Re: [PATCH 2/2] arm64: tlb: skip tlbi broadcast for single threaded TLB flushes

"qi.fuli@xxxxxxxxxxx" <qi.fuli@xxxxxxxxxxx> · Wed, 12 Feb 2020 14:13:56 +0000

On 2/4/20 5:17 AM, Andrea Arcangeli wrote:
> With multiple NUMA nodes and multiple sockets, the tlbi broadcast
> shall be delivered through the interconnects in turn increasing the
> interconnect traffic and the latency of the tlbi broadcast instruction.
> 
> Even within a single NUMA node the latency of the tlbi broadcast
> instruction increases almost linearly with the number of CPUs trying to
> send tlbi broadcasts at the same time.
> 
> When the process is single threaded however we can achieve full SMP
> scalability by skipping the tlbi broadcasting. Other arches already
> deploy this optimization.
> 
> After the local TLB flush this however means the ASID context goes out
> of sync in all CPUs except the local one. This can be tracked in the
> mm_cpumask(mm): if the bit is set it means the asid context is stale
> for that CPU. This results in an extra local ASID TLB flush only if a
> single threaded process is migrated to a different CPU and only after a
> TLB flush. No extra local TLB flush is needed for the common case of
> single threaded processes context scheduling within the same CPU and for
> multithreaded processes.
> 
> Skipping the tlbi instruction broadcasting is already implemented in
> local_flush_tlb_all(), this patch only extends it to flush_tlb_mm(),
> flush_tlb_range() and flush_tlb_page() too.
> 
> Here's the result of 32 CPUs (ARMv8 Ampere) running mprotect at the same
> time from 32 single threaded processes before the patch:
> 
>   Performance counter stats for './loop' (3 runs):
> 
>                   0      dummy
> 
>            2.121353 +- 0.000387 seconds time elapsed  ( +-  0.02% )
> 
> and with the patch applied:
> 
>   Performance counter stats for './loop' (3 runs):
> 
>                   0      dummy
> 
>           0.1197750 +- 0.0000827 seconds time elapsed  ( +-  0.07% )

Hi,

I have tested this patch on thunderX2 with Himeno benchmark[1] with 
LARGE calculation size. Here are the results.
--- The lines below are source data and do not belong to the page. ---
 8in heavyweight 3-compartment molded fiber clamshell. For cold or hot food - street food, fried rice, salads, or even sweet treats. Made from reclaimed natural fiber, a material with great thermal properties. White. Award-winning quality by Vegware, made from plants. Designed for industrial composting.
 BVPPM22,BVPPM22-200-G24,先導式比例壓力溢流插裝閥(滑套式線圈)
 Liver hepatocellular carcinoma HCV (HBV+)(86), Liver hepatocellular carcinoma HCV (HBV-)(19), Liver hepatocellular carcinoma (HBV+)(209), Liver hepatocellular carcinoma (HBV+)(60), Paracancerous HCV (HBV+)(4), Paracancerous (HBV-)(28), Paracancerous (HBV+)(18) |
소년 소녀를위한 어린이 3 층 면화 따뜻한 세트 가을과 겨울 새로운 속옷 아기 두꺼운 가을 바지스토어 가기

   w/o patch:   MFLOPS : 1149.480174
   w/  patch:   MFLOPS : 1110.653003

In order to validate the effectivness of the patch, I ran a 
single-threded program, which calls mprotect() in a loop to issue the 
tlbi broadcast instruction on a CPU core. At the same time, I ran Himeno 
benchmark on another CPU core. The results are:

   w/o patch:   MFLOPS :  860.238792
   w/  patch:   MFLOPS : 1110.449666

Though Himeno benchmark is a microbenchmark, I hope it helps.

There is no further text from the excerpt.